# DATA TO USE:
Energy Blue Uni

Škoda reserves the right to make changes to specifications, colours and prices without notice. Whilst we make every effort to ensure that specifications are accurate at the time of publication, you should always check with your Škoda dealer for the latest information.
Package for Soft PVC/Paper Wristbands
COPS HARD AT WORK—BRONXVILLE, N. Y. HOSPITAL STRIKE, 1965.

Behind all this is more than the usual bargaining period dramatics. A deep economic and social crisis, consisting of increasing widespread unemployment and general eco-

--

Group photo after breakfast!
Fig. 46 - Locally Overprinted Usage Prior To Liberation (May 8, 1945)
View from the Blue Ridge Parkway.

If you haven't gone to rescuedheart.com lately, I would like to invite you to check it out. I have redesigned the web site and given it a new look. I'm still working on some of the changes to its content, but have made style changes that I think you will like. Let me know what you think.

# WHAT THE EXERCISE ASKS:
Go through the listing above and write out exactly the lines starting with the one holding "View from the Blue Ridge Parkway." and running through the one holding "If you haven't", ends included, and no others.

# RESPONSE AREA:
View from the Blue Ridge Parkway.

If you haven't gone to rescuedheart.com lately, I would like to invite you to check it out. I have redesigned the web site and given it a new look. I'm still working on some of the changes to its content, but have made style changes that I think you will like. Let me know what you think.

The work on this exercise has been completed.